| What this task involves |
Up to and including the line that holds "A Prefeitura de", copy every line of the records below exactly, starting at the first; leave pictures out.

Dataset records:
◆ ◆ ◆ ◆ ◆

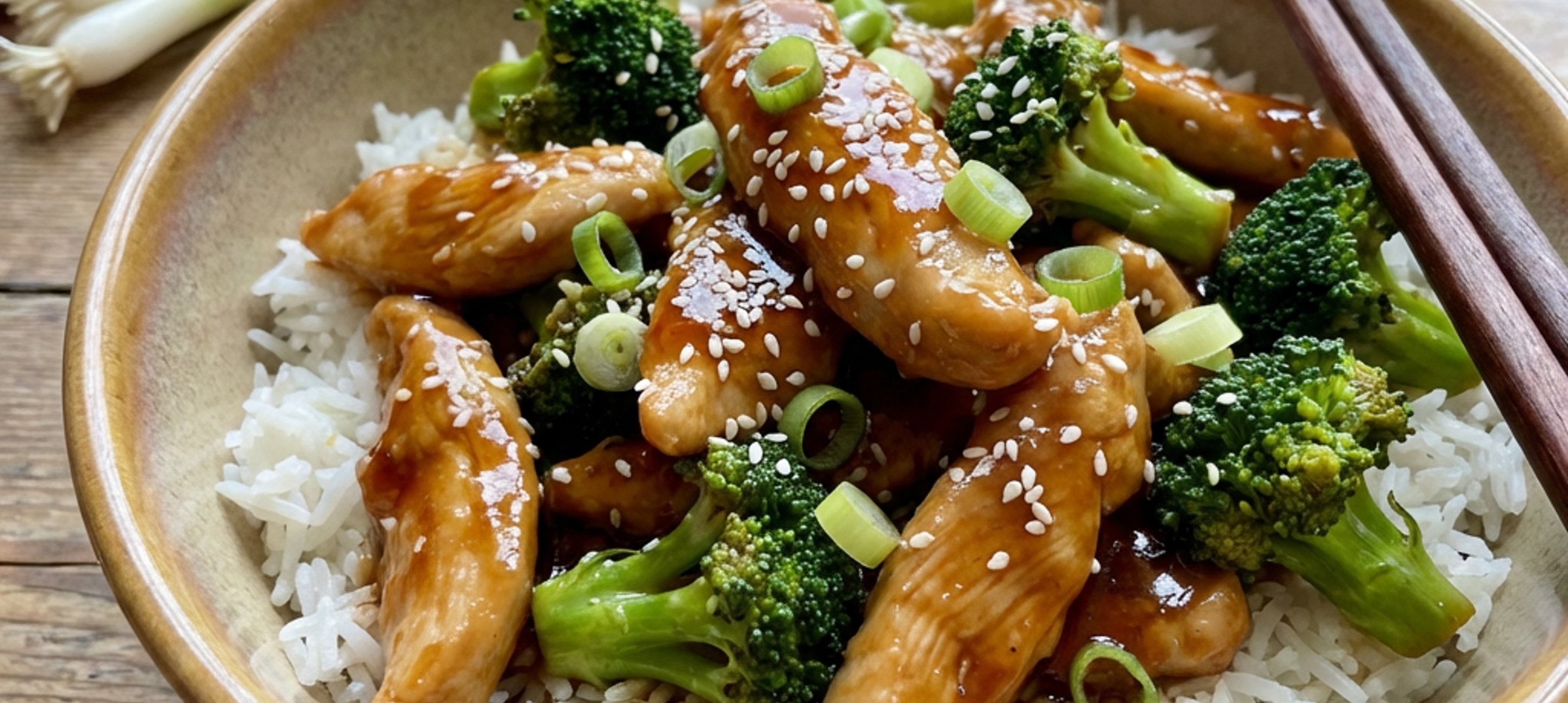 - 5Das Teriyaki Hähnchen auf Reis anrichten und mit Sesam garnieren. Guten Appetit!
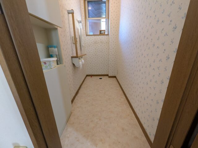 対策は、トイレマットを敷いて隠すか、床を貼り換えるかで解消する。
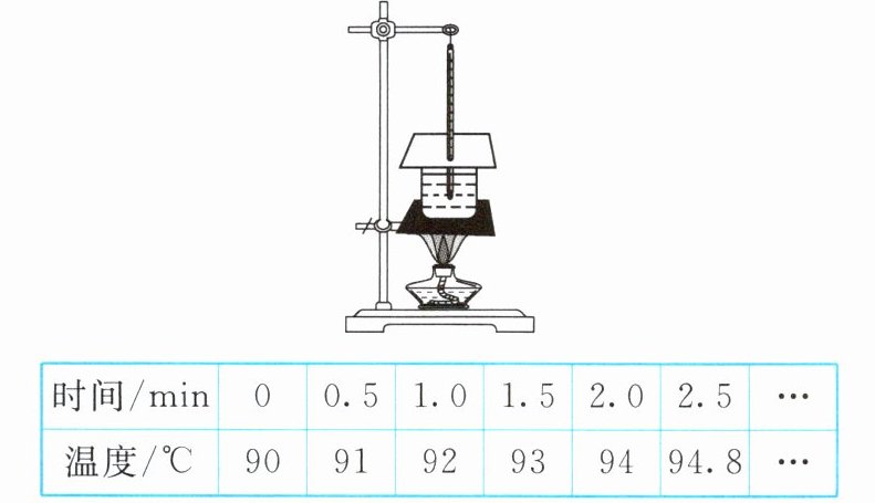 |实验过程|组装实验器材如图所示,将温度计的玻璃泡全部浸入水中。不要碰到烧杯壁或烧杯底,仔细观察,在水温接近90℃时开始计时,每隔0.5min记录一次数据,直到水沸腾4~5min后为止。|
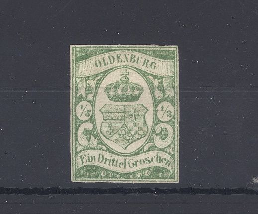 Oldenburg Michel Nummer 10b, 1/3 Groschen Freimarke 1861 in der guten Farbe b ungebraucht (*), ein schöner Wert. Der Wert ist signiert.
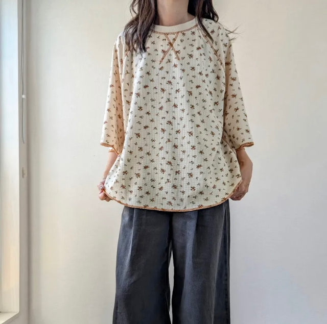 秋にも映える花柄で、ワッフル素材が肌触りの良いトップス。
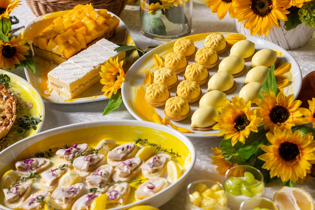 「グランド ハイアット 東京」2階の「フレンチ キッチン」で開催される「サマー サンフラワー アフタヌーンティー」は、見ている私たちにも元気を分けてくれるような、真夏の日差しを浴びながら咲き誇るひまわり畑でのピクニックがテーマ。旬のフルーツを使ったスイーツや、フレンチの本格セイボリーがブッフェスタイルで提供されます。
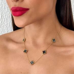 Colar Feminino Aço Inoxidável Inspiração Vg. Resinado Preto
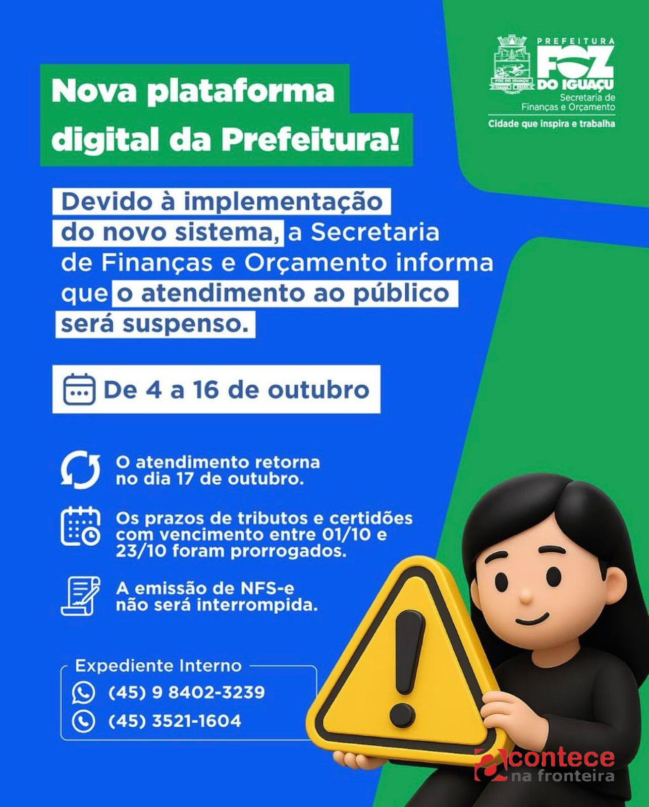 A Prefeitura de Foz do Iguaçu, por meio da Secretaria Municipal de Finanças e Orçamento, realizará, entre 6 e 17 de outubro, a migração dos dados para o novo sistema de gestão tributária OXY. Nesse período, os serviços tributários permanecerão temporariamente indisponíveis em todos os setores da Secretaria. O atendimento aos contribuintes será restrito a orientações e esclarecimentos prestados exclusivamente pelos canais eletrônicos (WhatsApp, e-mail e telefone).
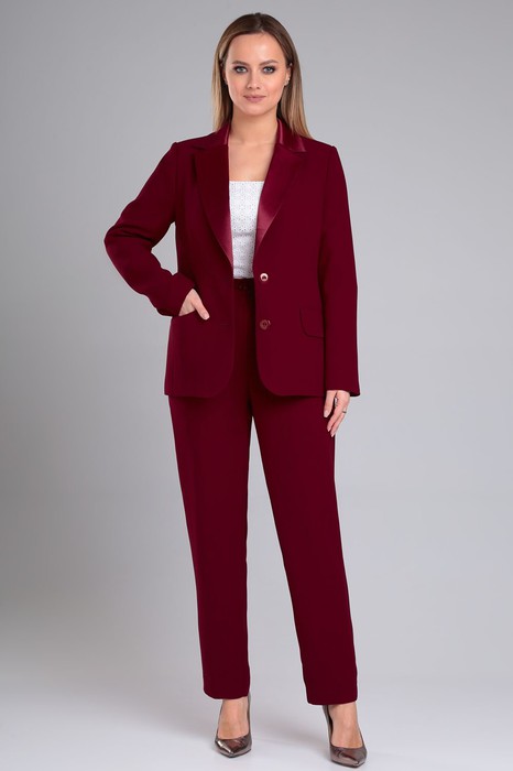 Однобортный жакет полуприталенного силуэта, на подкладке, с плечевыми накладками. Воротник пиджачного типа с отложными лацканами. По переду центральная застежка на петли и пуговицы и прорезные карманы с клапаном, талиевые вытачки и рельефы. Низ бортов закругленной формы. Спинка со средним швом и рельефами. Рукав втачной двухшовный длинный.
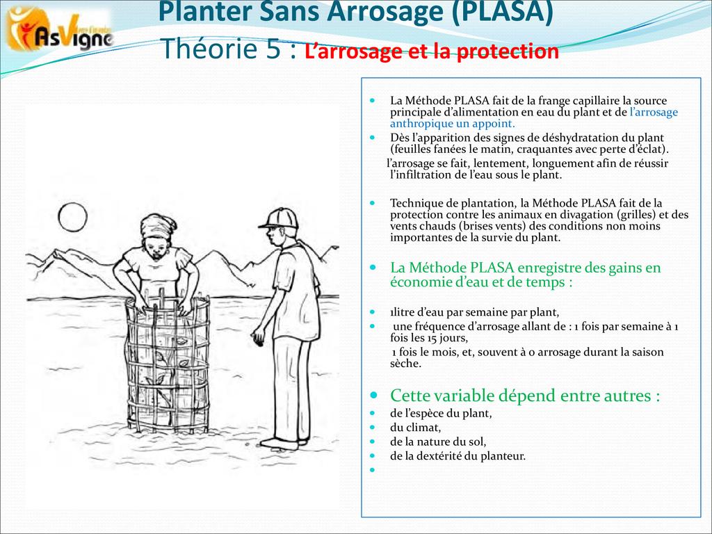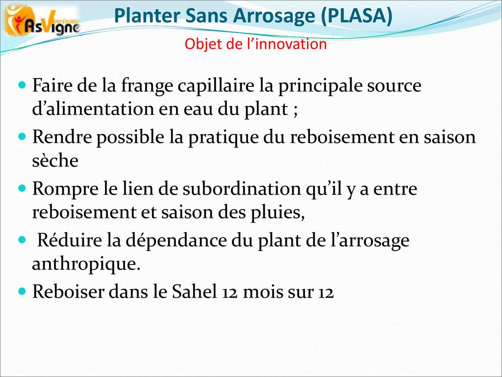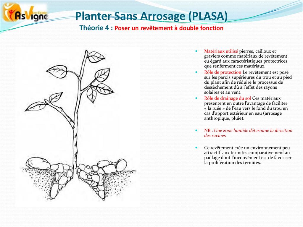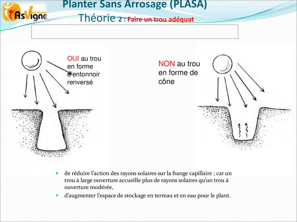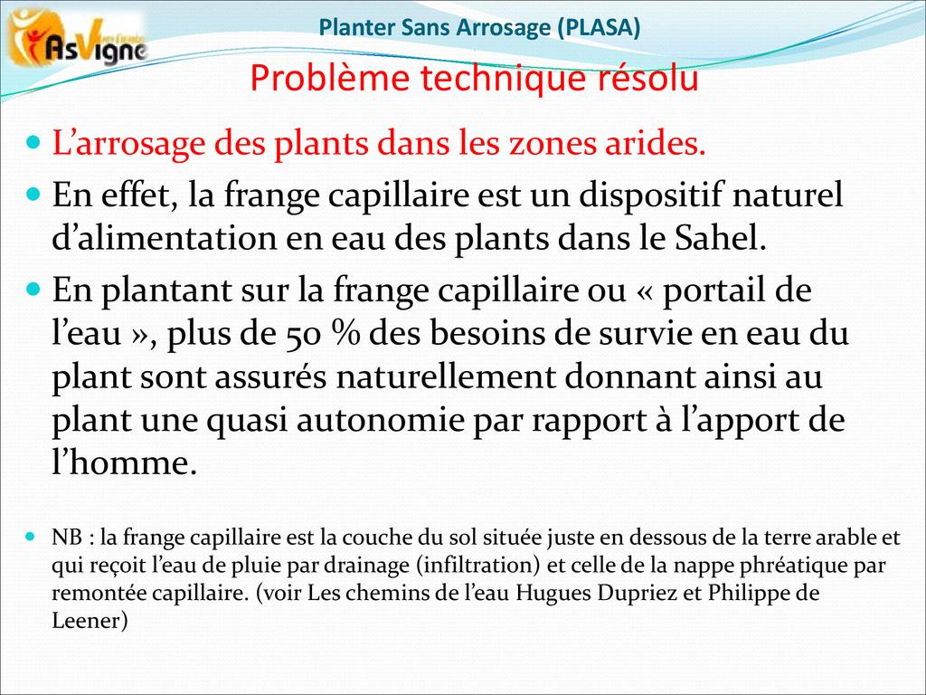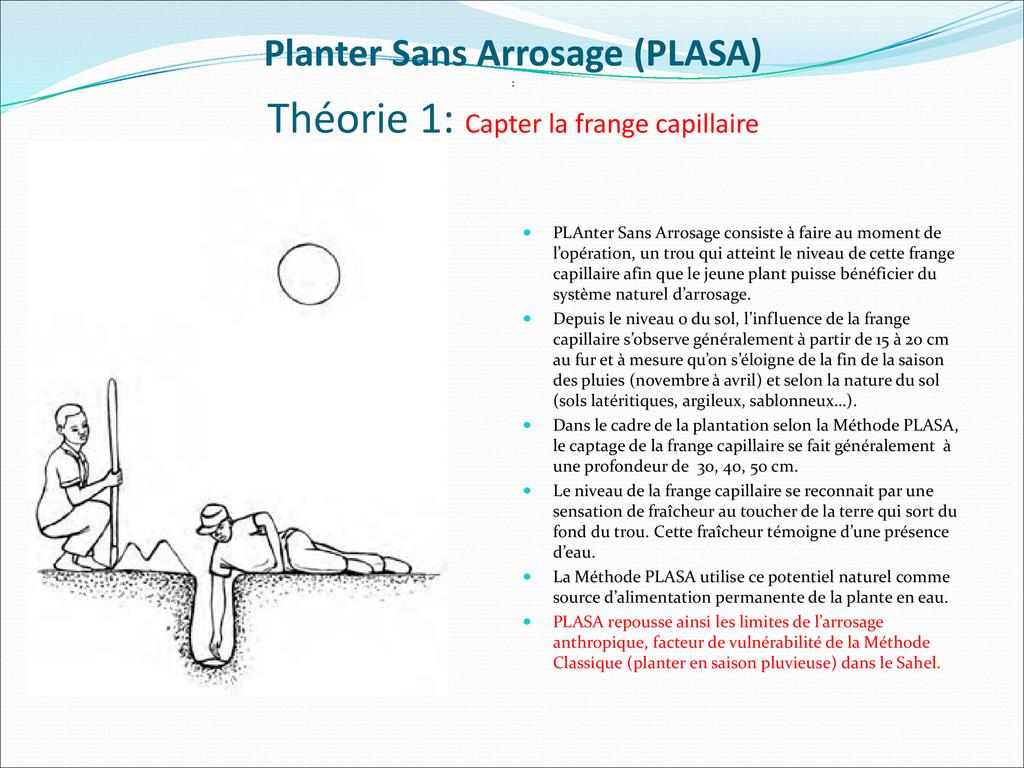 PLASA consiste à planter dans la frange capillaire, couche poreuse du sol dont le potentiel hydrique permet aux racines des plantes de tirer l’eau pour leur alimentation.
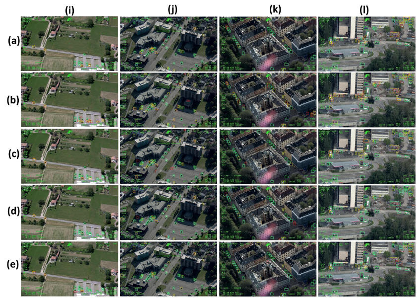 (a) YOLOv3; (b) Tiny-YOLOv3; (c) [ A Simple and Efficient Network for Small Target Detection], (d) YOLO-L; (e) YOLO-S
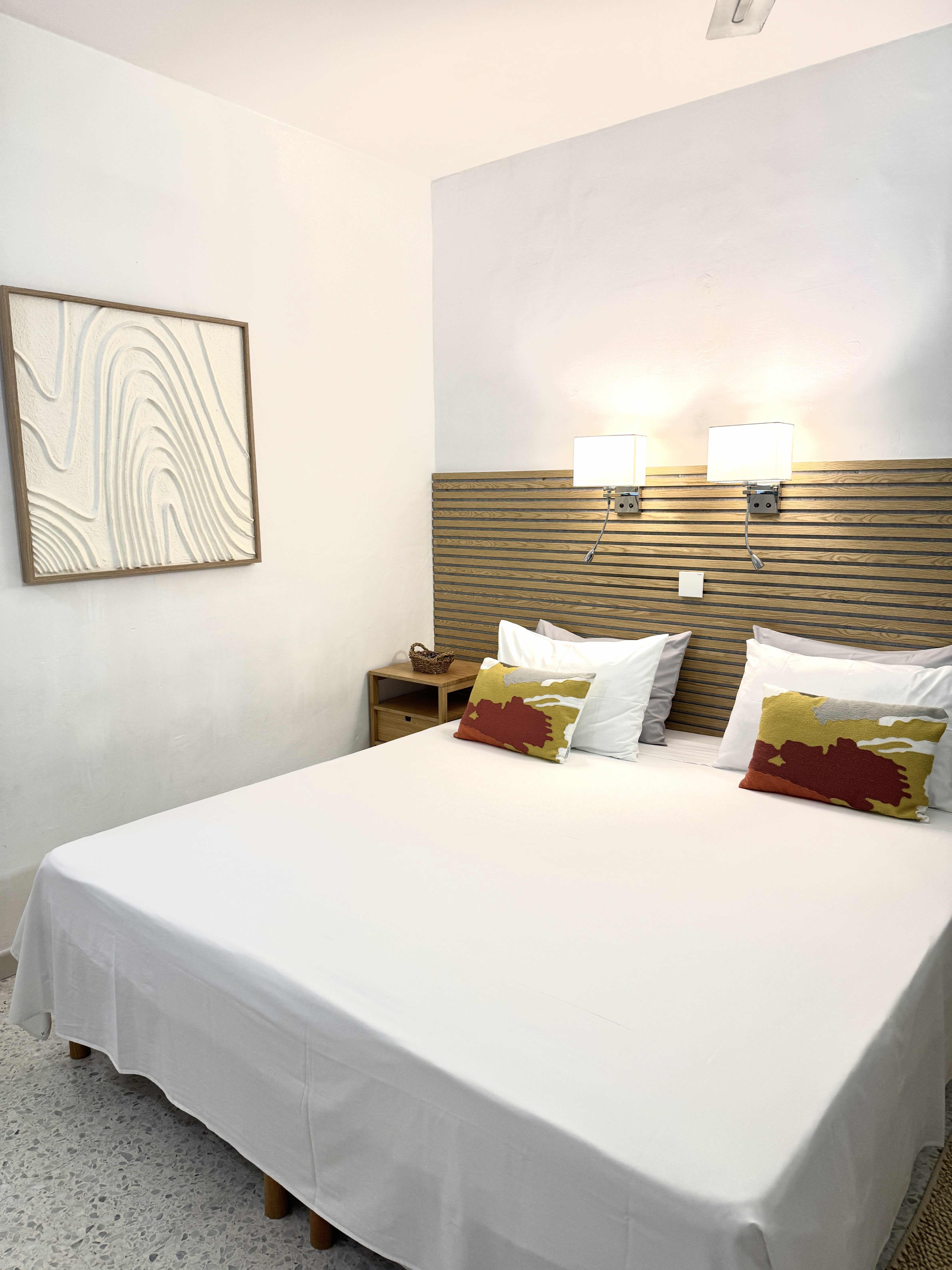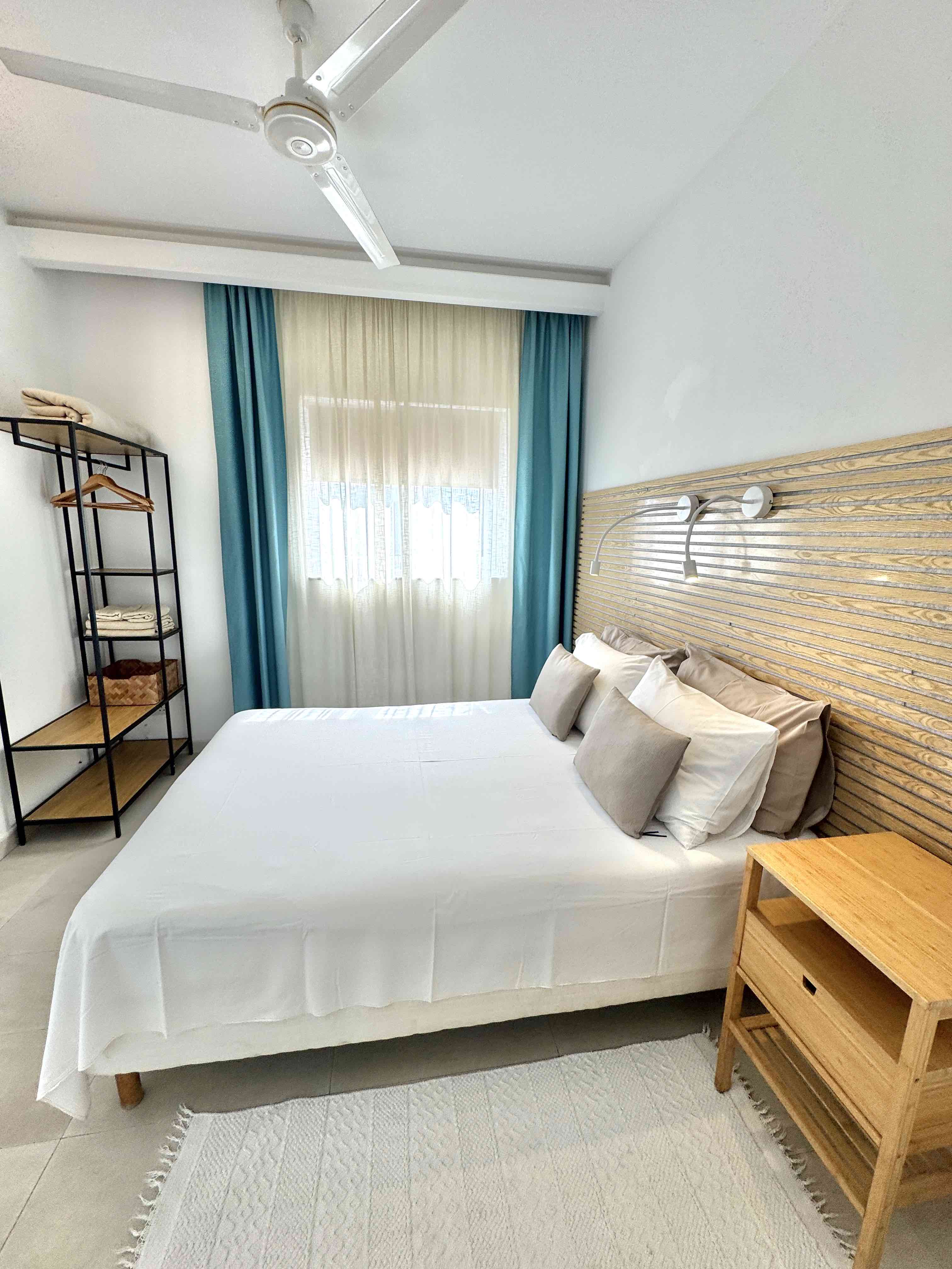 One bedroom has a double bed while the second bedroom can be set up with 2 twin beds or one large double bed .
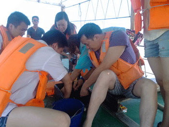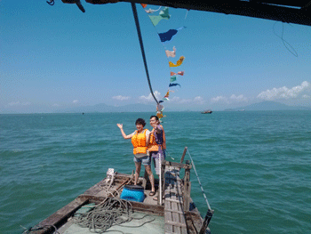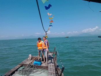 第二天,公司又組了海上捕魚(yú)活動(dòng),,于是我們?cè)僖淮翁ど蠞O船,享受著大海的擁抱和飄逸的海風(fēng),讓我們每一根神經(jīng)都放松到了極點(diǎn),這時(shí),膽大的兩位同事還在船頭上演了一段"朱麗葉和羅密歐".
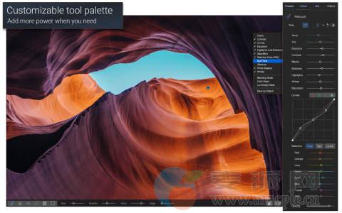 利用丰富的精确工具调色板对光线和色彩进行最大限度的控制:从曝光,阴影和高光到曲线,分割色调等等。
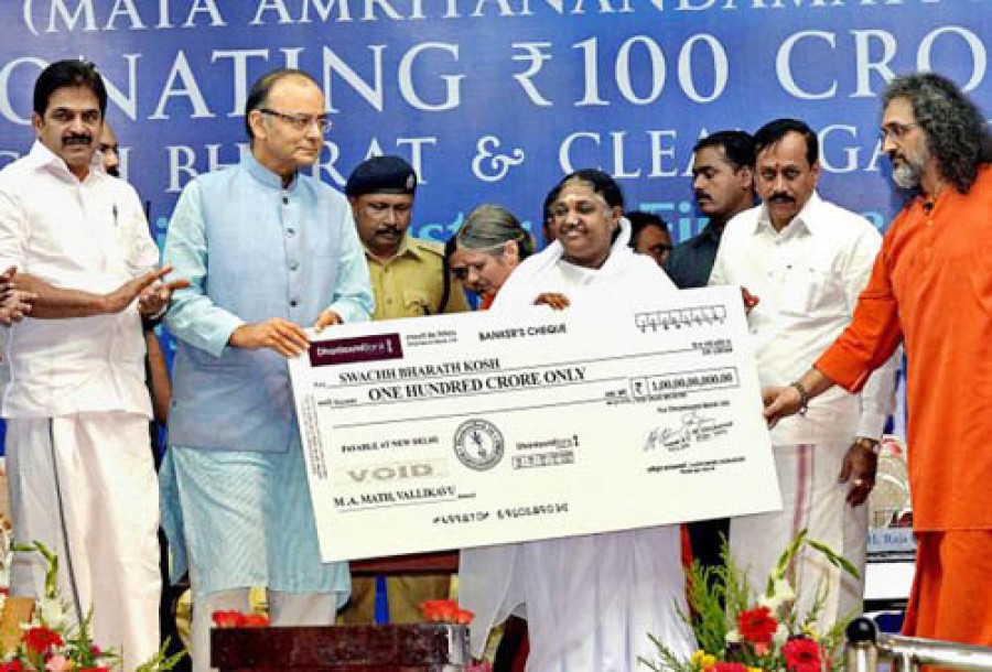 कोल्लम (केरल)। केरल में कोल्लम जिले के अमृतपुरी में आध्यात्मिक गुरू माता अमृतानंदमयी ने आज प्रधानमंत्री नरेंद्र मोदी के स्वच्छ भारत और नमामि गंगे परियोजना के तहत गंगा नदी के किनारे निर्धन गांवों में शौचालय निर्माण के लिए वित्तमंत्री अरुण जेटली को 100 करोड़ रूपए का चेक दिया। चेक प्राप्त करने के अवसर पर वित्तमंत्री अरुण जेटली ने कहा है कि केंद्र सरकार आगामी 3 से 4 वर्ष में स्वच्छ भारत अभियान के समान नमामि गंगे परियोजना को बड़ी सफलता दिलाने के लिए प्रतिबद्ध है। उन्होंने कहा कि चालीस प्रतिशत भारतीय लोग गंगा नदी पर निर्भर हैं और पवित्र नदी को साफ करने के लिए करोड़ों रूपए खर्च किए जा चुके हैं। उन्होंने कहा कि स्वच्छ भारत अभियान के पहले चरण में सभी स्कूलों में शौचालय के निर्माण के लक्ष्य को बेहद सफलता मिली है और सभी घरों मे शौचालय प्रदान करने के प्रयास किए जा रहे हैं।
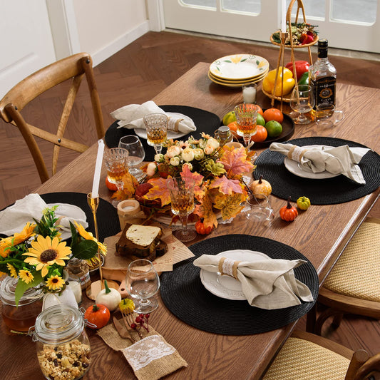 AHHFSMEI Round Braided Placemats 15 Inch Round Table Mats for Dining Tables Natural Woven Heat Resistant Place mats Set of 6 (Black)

◆ ◆ ◆ ◆ ◆

| Problem solution |
 - 5Das Teriyaki Hähnchen auf Reis anrichten und mit Sesam garnieren. Guten Appetit!
 対策は、トイレマットを敷いて隠すか、床を貼り換えるかで解消する。
 |实验过程|组装实验器材如图所示,将温度计的玻璃泡全部浸入水中。不要碰到烧杯壁或烧杯底,仔细观察,在水温接近90℃时开始计时,每隔0.5min记录一次数据,直到水沸腾4~5min后为止。|
 Oldenburg Michel Nummer 10b, 1/3 Groschen Freimarke 1861 in der guten Farbe b ungebraucht (*), ein schöner Wert. Der Wert ist signiert.
 秋にも映える花柄で、ワッフル素材が肌触りの良いトップス。
 「グランド ハイアット 東京」2階の「フレンチ キッチン」で開催される「サマー サンフラワー アフタヌーンティー」は、見ている私たちにも元気を分けてくれるような、真夏の日差しを浴びながら咲き誇るひまわり畑でのピクニックがテーマ。旬のフルーツを使ったスイーツや、フレンチの本格セイボリーがブッフェスタイルで提供されます。
 Colar Feminino Aço Inoxidável Inspiração Vg. Resinado Preto
 A Prefeitura de Foz do Iguaçu, por meio da Secretaria Municipal de Finanças e Orçamento, realizará, entre 6 e 17 de outubro, a migração dos dados para o novo sistema de gestão tributária OXY. Nesse período, os serviços tributários permanecerão temporariamente indisponíveis em todos os setores da Secretaria. O atendimento aos contribuintes será restrito a orientações e esclarecimentos prestados exclusivamente pelos canais eletrônicos (WhatsApp, e-mail e telefone).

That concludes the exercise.